As Republicans campaign for their agenda of tax giveaways for giant corporations and an increased tax burden on regular property tax payers, we must make sure that hard-working families turn out to vote on November 4 to vote Democrat.
Star Ledger Editorial
Friday, October 31, 2003
FALSE CLAIM ON TAXES
In an election campaign devoid of serious policy discussion, Republicans are
trying to paint Gov. James E. McGreevey as a tax-and- spend liberal, a
strategy that worked well against Jim Florio.
It is a bogus charge. McGreevey inherited an even worse budget crisis
and managed it with a much smaller tax
hike, one that plugged inexcusable
loopholes in the state business tax. Before the change, 30 of the 50 largest
corporations in the state were paying the statutory minimum tax of
$200, less than is owed by a single
janitor who cleaned the corporate bathrooms.
Those who advocate repeal would resurrect that injustice.

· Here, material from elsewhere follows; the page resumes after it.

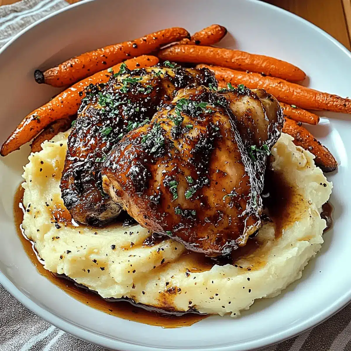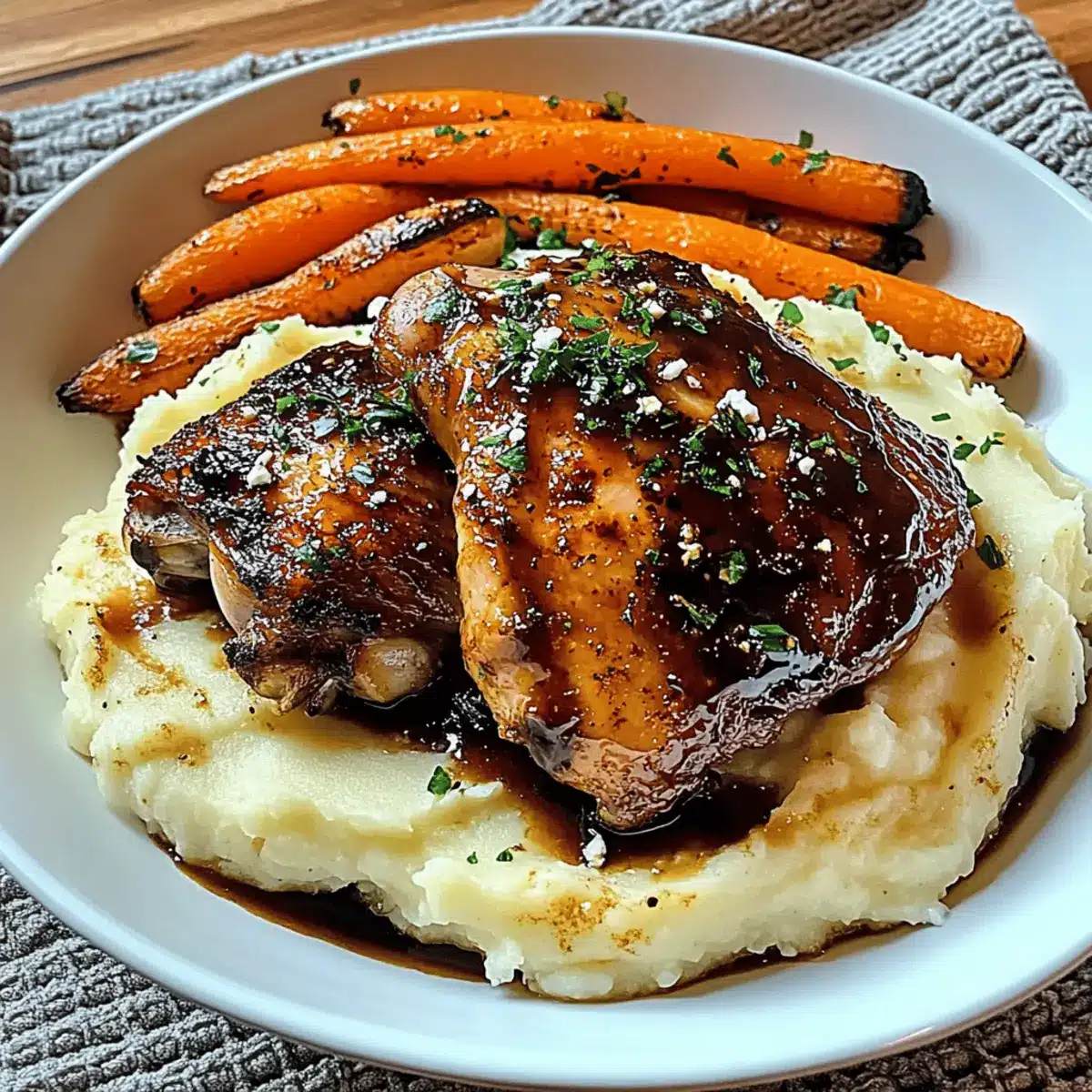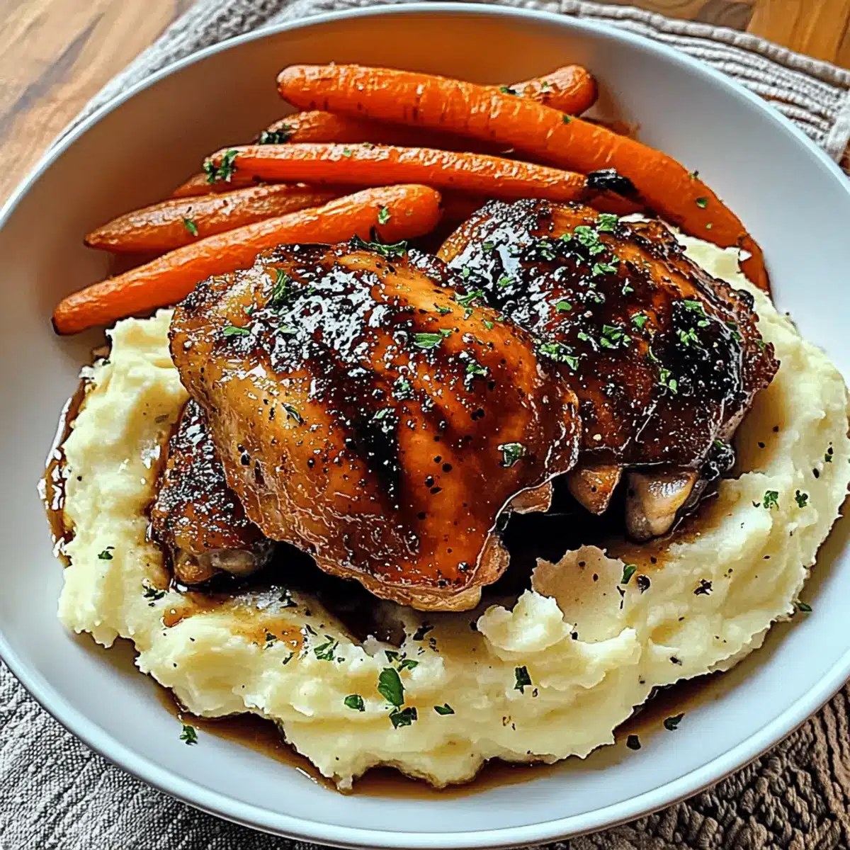 The inviting aroma wafting through my kitchen brings with it memories of cozy gatherings and laughter-filled evenings. That’s how I feel every time I whip up these Honey Balsamic Chicken Thighs, a dish that effortlessly combines the sweet tang of balsamic vinegar with the richness of honey. Paired with creamy goat cheese mashed potatoes and roasted carrots, it transforms an ordinary dinner into a comforting feast that everyone will love. Not only is this recipe a crowd-pleaser, but it’s also incredibly versatile—swap out chicken thighs for skinless breasts or add sweet potatoes for a touch of sweetness. Get ready to indulge in a warm and satisfying meal that caters to all dietary needs. Curious about how to bring this delightful dish to life? Let’s dive in!

Granted, McGreevey could have created a fairer tax without raising the
total burden on the business
community. But would that have been wise? During the
1990s, the share of state taxes paid through the corporate business tax
dropped roughly in half, thanks in part to the loopholes that allowed
most of the biggest companies to evade
it.
That burden has gradually shifted to other
state taxes, like income and sales.
Draining the state treasury also pushes up local property taxes as
state aid is pinched off. Without this reform, which raised an
additional $1.7 billion last year,
deeper cuts in local aid would have been inevitable.
Republicans offer one more argument: The business tax kills jobs.
Again, the argument is unconvincing.
New Jersey has seen a net gain of 31,800 jobs this
year, according to the Labor Department. New York and Pennsylvania both
have lost jobs, as has the nation as a
whole.
Next time a candidate talks about the evils of this tax increase, try an experiment: Ask him to offer a better solution for closing that $1.7 billion gap without it. We ask that question all the time. And we're still waiting for a credible answer.